We were really expanding our horizons with this Friday night birthday bash…4, 3, 2, 1….
The walk to Primorski’s was a delightfully non-Manhattan nightlife experience - the smell of the salty Atlantic (or was it the overwhelming stench of pleather mini skirts?), the kind eyes of welcoming locals (or was that the Russian mob on our tails?) and of course the dangling nightlights up ahead that served as our guide into Primorski’s.
Upon arrival, the icy doorman kindly took a break from an argument with his female friend (complete with big blonde hair and fancy fishnets, the Brighton Beach costume department clearly deserves some sort of award). He held open the glass doors and acknowledged us with a stony Russian poker face. When his stare made us genuinely fear for our lives, we knew this was going to be an authentic experience!
We entered the dining room to the sweet beats of our entertainers.

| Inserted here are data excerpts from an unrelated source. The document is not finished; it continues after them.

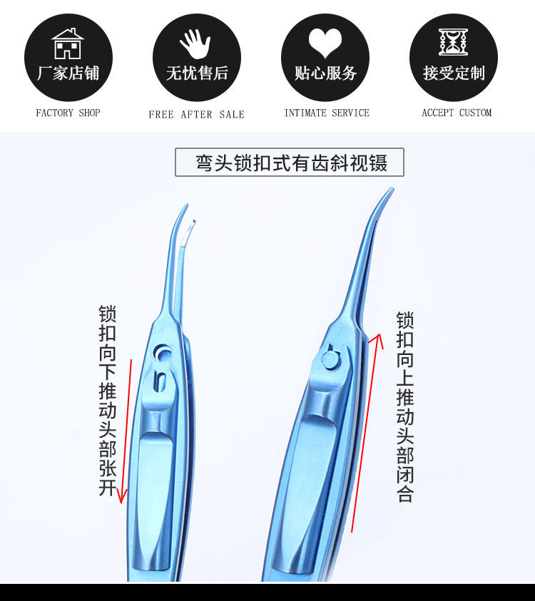 - Пинцеты для косоглазия с прямым фиксатором из титанового сплава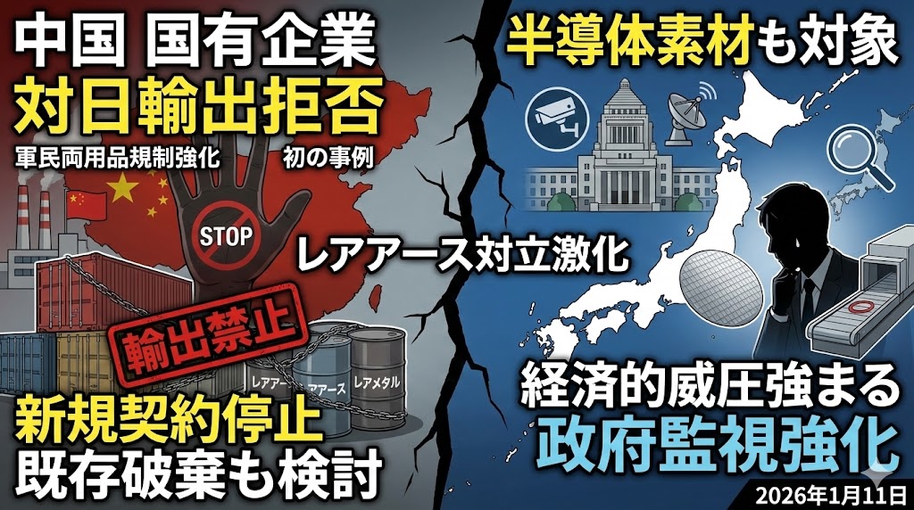 自由主義陣営の一員として、特定の独裁国家に供給網を握られるリスクを改めて痛感する事態であり、政府には代替ルートの確保を含めた迅速な対応を期待したい。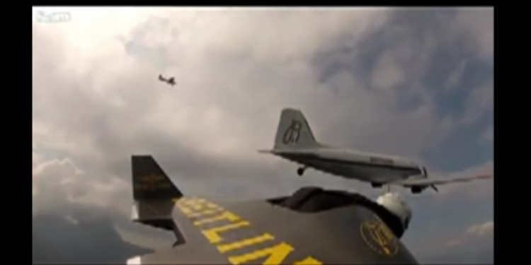 O Jetman της ομάδας Breitling ξαναχτυπά. Ο «ιπτάμενος άνθρωπος» επιβιβάστηκε σε ελικόπτερο, πήδηξε στο κενό και άρχισε να πετά πλάϊ σ΄ ένα αεροσκάφος DC 9. Την επόμενη φορά μπορεί και να επιβιβαστεί!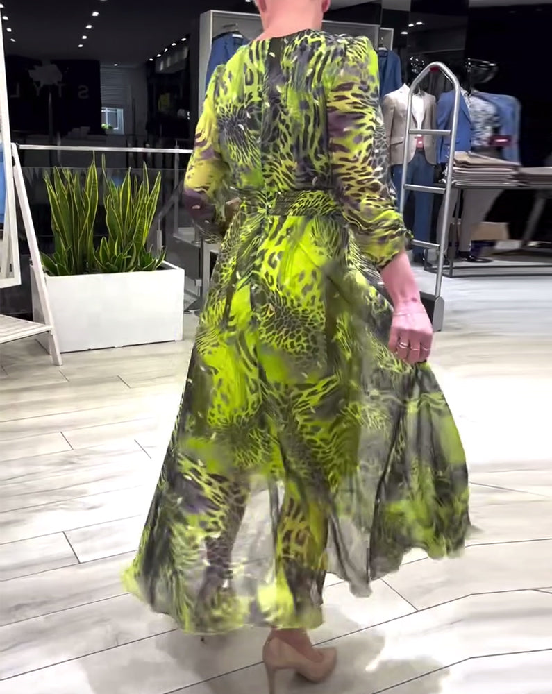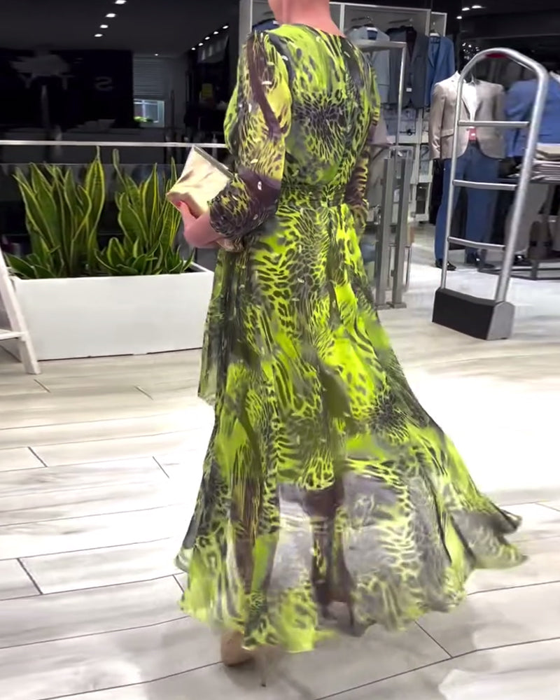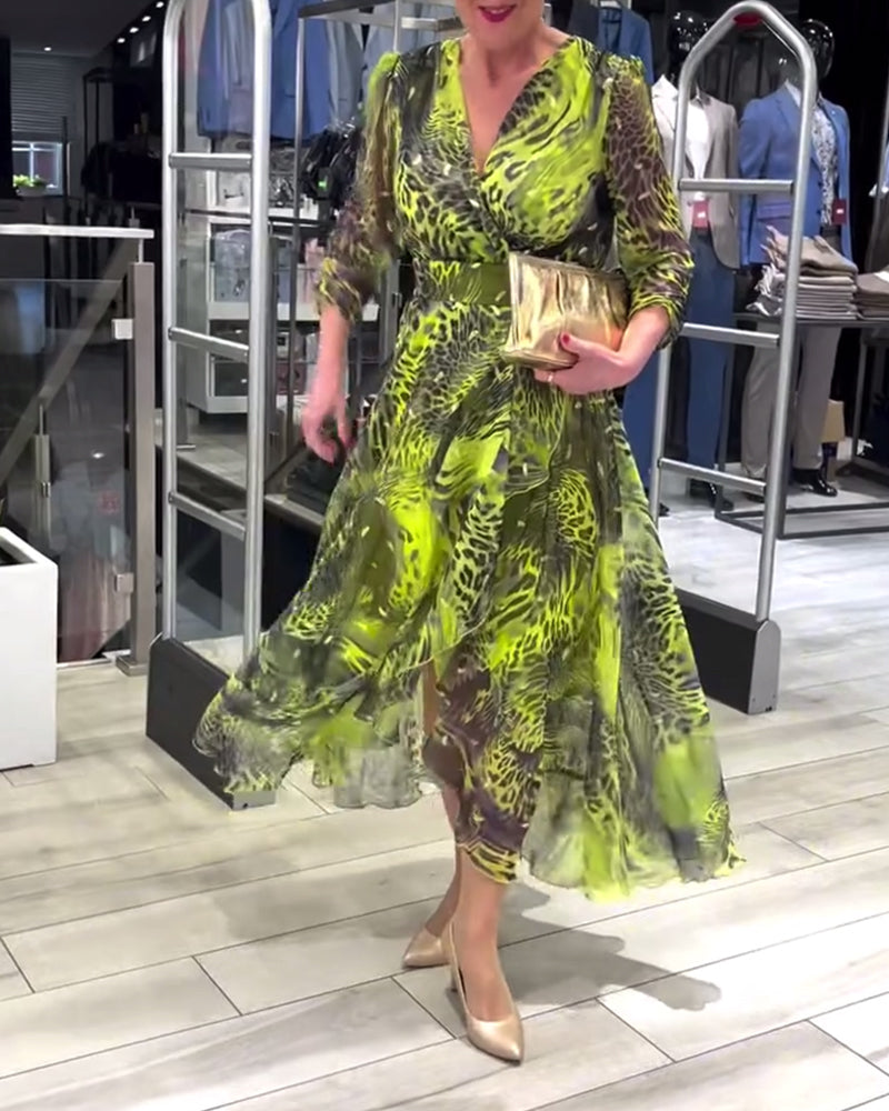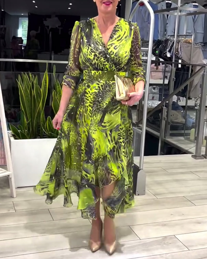 Modisches, bedrucktes kleid mit unregelmäßiger passform, v-ausschnitt und dreiviertelärmeln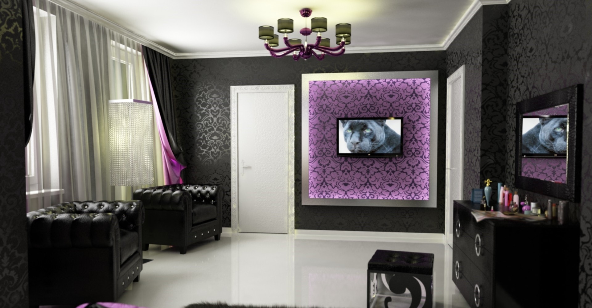 Beautiful room with black wallpaper
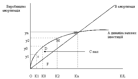 Лінія ОВ – динаміка вибуття капіталу у всіх стаціонарних точках (С,Д,M,N,) де А=ВІ=S (ВІ – валові інвестиції)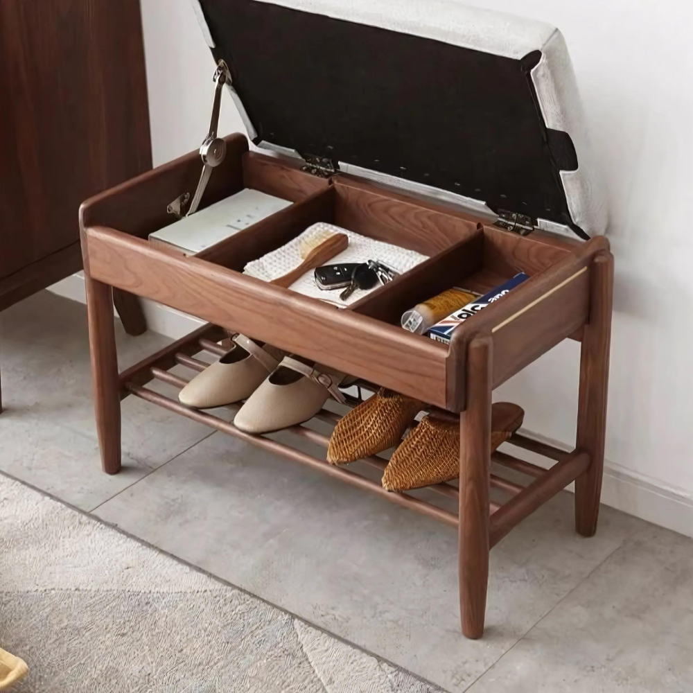 Reserved space for shoe brushes and polishes Lift the soft stool surface, and immediately hide the storage compartment, making it easier to find items. Avoid hallway clutter.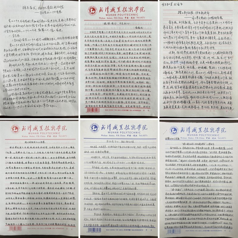 “盛世当即,奋斗在时,青春有我。新时代青年要把青春奋斗融入党和国家和人民的伟大事业中,保持积极进取、乐观向上的姿态,投身到学校、学院组织的各类活动中去,不断充实自身知识储备,以自我全面发展为努力方向……”爱国爱党爱人民的字符跃然纸上,也跳动于每个学生心间。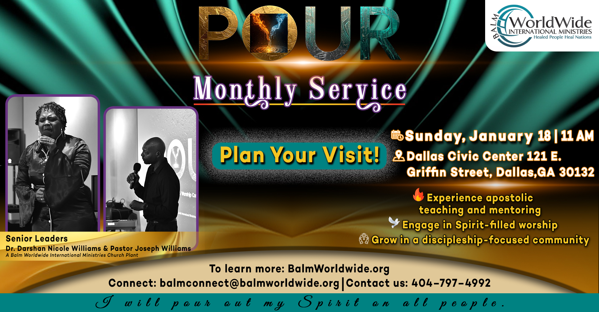 POUR | Discipleship & Worship Community “I will pour out my Spirit on all people…” — Joel 2:28 Balm Worldwide International Ministries | Home of POUR | Discipleship & […]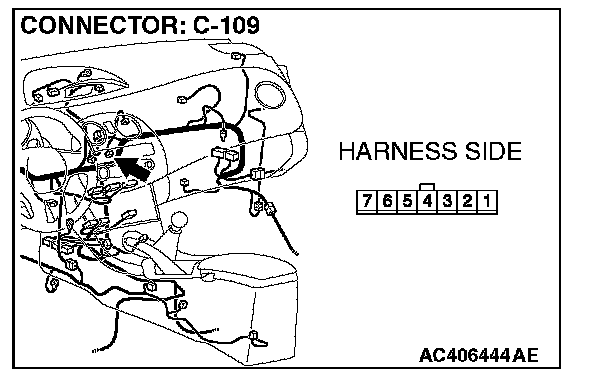 STEP 3. Check air mixing damper control motor and potentiometer connector C-109 for loose, corroded or damaged terminals, or terminals pushed back in the connector.

Apparently, 5 middle-aged people bouncing around to an electronic dance mix constitutes “entertainment” in the Soviet Motherland. Our Russian is a bit dusty, but we suppose that the “live” part of the entertainment that the Primorski website so promised translates to their “Ipod”. There it was, in person on the stage.
“I picked the Russian banquet!” the birthday boy proudly exclaimed as our feast was so eloquently plopped down in front of us. The nervous diners picked at the recognizable chicken Caesar salad and a few were brave enough to take on the beautifully presented dog food, known to the Russians as Chicken Jelly. Bottles of chilled Putinka Vodka graced the table alongside glasses with no ice.
Putinka (Russian translation: “paint thinner”) goes down with surprising ease when used to wash the taste of tongue and eel out of one’s mouth. A few sips in and we couldn’t tell if everyone’s grimaces were from the food or the vodka. Inwardly, we were very pleased – when we saw all of our friends with those strange frowns we had to remind ourselves that they weren’t actually Russian. We also began to realize how Communism had lasted for so many decades, a gulp of Putkina and a sniff of that Chicken Jelly – our group was clearly on the road to mass delirium.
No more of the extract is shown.